The new resource program must be compiled and installed before you can use it. To compile a resource program, you can use following commands:

cd /tmp
jar xvf /usr/local/ClusterProbe/clusterprobe.jar
java new-resource-programs
jar cvf /usr/local/ClusterProbe/clusterprobe.jar CLUSTERPROBE graph
rm -rf CLUSTERPROBE graph

After you got the updated "clusterprobe.jar" archive, you should also update the archive installed on agent ( local mode) and the web server (bootstrapping mode) with the new version.

----------------------------------------------------------------------------------
CHECKING RESOURCE CONFIGURATION
----------------------------------------------------------------------------------

The tool "GetCurrentValueDemo" can be used to check resource configuration . Actually, checking node or group configuration we discuss in above section is an example to use this tool. You can check resource configuration by:

java CLUSTERPROBE.demo.GetCurrentValueDemo resource-class-name host-name-of-monitoring-server port-of-monitoring-server(7001)

configuration value will be shown on standard output.

USING WEB-BASED CLUSTER MANAGEMENT TOOL

To start Web-based Cluster Management Tool, simply type the host name or IP address of the monitoring server in the address field and press Enter on your browser (preferred the Netscape 4.0 or above version, some java scripts are not supported in IE). This brings up the cluster management page, as shown in the following figure.

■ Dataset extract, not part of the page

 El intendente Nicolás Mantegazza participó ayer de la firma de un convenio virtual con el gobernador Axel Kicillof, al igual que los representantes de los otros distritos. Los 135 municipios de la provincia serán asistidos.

Figure 3: Start Page of Web-based Cluster Management Tool

In this page, the top frame is the logo area, designing for headings and title images. The left-bottom frame called menu area places menu options and the right-bottom frame called data area shows the results.

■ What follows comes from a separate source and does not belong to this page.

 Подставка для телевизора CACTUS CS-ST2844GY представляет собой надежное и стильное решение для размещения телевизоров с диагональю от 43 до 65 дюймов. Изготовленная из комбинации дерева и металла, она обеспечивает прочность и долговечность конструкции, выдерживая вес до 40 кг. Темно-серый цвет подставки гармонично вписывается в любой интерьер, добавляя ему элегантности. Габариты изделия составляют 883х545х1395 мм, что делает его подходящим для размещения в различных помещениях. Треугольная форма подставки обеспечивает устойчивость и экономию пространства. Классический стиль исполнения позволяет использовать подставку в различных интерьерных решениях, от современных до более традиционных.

----------------------------------------------------------------------------------
CLUSTER OVERVIEW
----------------------------------------------------------------------------------

This selection branches in to the three sub-menus used for cluster overview:

Cluster Snapshot A photograph of the cluster.

Cluster Map Show the physical map of the cluster

Cluster Status Dynamically show real-time status of the cluster.

Cluster Snapshot

The Cluster Snapshot Panel, shown in Figure 3, is the first panel you see when entering in through the Web. This panel shows you a photograph of the cluster. You can show your own picture by replacing the image file "snapshot.jpg" under the web server document directory.

Cluster Map

Selecting this option displays the Cluster Physical Map Panel, shown in Figure 4. This panel shows your the physical map of cluster. You can show your own map by replacing the image file "layer_0_550x600_group.jpg" under the web server document directory.

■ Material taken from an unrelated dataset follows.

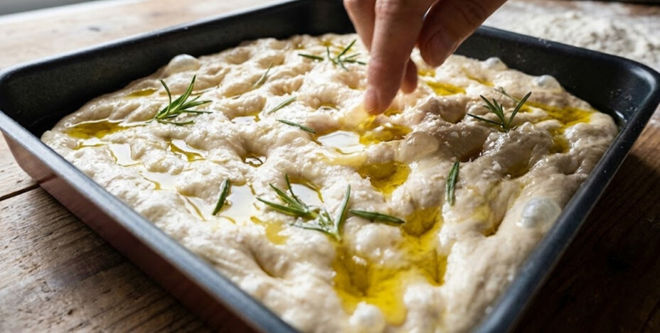 仕上げの儀式です✨ 生地全体にオリーブオイルと塩(お好みでローズマリーなど)を振りかけます。 ここで指を使って、生地にズボズボと穴を開けていきます(※ここが一番楽しい工程です!)。

Figure 4: Cluster Physical Map Panel
( This figure has been reduced to fit on the page. Click the image to view it as its natural size. )

Cluster Status

Selecting this option pops up the Cluster Real-time Status Panel, shown in Figure 5. This panel shows you the real-time status of cluster by retrieving cluster status from ClusterProbe and generating the status picture dynamically. As default, the picture is regenerated within 10 seconds.

Figure 5: Cluster Real-time Status Panel
( This figure has been reduced to fit on the page. Click the image to view it as its natural size. )

Cluster Realtime Status Panel can present following status:

, Ready. The node is reachable and available.

, Overload. The node is running load-intensive job(s) and is not appropriate for submitting new job(s).

, Swap-Closing-Full. The swap memory is near worn up.

, Malformated URL. The access URL is malformatted or unauthoritative.

, RMI-Not-Ready. The node is reachable but unmanagable. ClusterProbe agent is not running on this node.

, Package-Losing. Some in/out packages is not correctly receiving/sending in current time.

, Connect-Fail. The node is unreachable.

, Host-Unknown. The host name can not be resolved through DNS servers.

----------------------------------------------------------------------------------
CLUSTER CONFIGURATION
----------------------------------------------------------------------------------

This selection branches in to the two sub-menus used for cluster configuration:

Cluster Node Show node configuration of the cluster.

Cluster Group Show group configuration of the cluster.

Cluster Node

Selection this option displays the Cluster Node Configuration Panel, shown in Figure 6. The node configuration is read only in this version. In further version, the configuration will be able to set online.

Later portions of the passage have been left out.